R Martin| 9.30.10 @ 8:55AM

Mr. Bidinotto underscores the need for tort reform, especially the implementation of loser pays. Trial lawyers would shy away from frivolous lawsuits if they were on the hook for all costs in losing efforts.

The article also refers to the damage an activist judge can do. Any judge issuing subpoenas for ten years' of documents relating to a product approved and in use for half a century has his own agenda. Liberal judges are at least as dangerous as liberal congressmen, and now we have two new ones on the Supreme Court.

David_W| 9.30.10 @ 9:58AM

The real reasons:
1) expand government control over the growing of food.
2) make it more difficult to grow food (especially by small growers - enabling corporate farmers, who probably donate to Democratic candidates, to take over)
3) once there is absolute control, the govt will make it even more difficult, causing food shortages. This will hit the poor and lower class hard. They won't be able to afford food. They will become absolutely dependent on govt for handouts.
4) Once dependent, govt (liberals) will be able to get them to support 100% total and govt funded abortion - virtually eliminating the lower classes and minorities from this country. After all, isn't that what the liberal elite want (except they do need gardeners, butlers, maids, and other servants, but just not too many).

dac| 9.30.10 @ 10:18AM

Absolutely dead-on. In every conceivable sphere of economic activity, this administration and its supporters are following the same pattern:
1) (over-) regulate; 2) tax 3) collapse 4) ration, and (the ultimate goal) 5) kill or "re-educate" those who object.
This applies to energy, health care, food, housing, transportation, and, inevitably, pro-creation. The goal is, quite simply, to acquire the power to define those who are and are not valuable humans in the eyes of the government. And it isn't fascism--which is what we have now. Fascism is a way-station on the path towards totalitarianism (or more accurately, a Mussolinian derivative of Leninism). Lenin and Mao both understood well that to be able to kill tens of millions of people at a time, you first had to dehumanize them. And rationing EVERYTHING, reducing the population to beggars, is the quick way to start sorting out those who will guard the death camps from those who will be worked to death in them. It's a simple and inexorable continuum.
To the post below, the welfare-addict ethanol folks basically think that they'll be the "guard class" rather than the "re-educated class." Good luck with that. Ask the survivors of the 1930s Ukraine Stalin-caused famine/murder how that worked out for them.
Lisa Jackson is a sociopath, no different than a mafia hit-man--she just doesn't (yet) pull actual triggers of guns. But the devastation she is causing (on direct orders from Il Duce Negro) is far more widespread. Vote these people out or be prepared to shoot them. Again, it's a simple and inevitable choice.

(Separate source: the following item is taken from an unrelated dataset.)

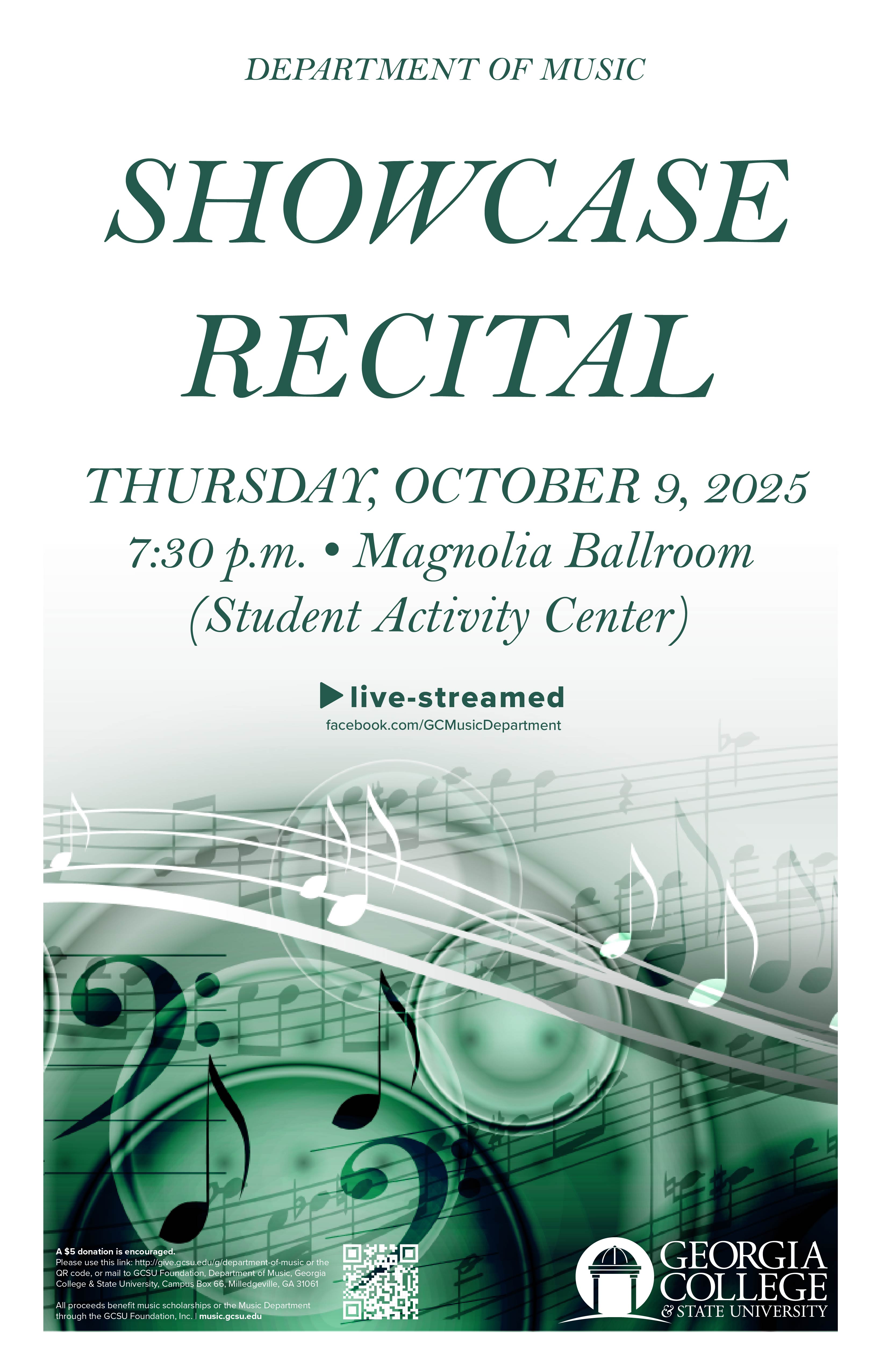 Thursday, Oct. 9 Georgia College & State University presents “Music Department Showcase Recital” at 7:30 p.m. in Magnolia Ballroom at the Student Activities Center. This is a student-focused annual event. It features undergraduate music majors and minors who want to challenge themselves to perform early in their college years. Instrumentalists will perform a variety of music. A reception will follow. A $5 donation is encouraged. All proceeds benefit music scholarships or the GCSU Department of Music through GCSU Foundation, Inc. For more information, please email music@gcsu.edu or call 478-445-8289.

Texas mom 2010| 9.30.10 @ 1:45PM

I find this reaching to grab control of the food supply truly frightening. Makes me think of the millions Mao killed using famine induced by his policies. I agree that tort reform is long over due in this country. Lawyers should not be able to grow rich by producing NOTHING merely taking forcibly and often dishonestly extorting from the producers in this country. Ditto the EPA and other regulatory agencies. All regulations should have to voted on by our representatives not unelected bureaucrats.

Chuck| 9.30.10 @ 10:04AM

Unfortunately there is one brand of farmer that loves the EPA -- those who grow corn for ethanol, and who rely on the insane policy of mandatory 10% ethanol to make boatloads of money.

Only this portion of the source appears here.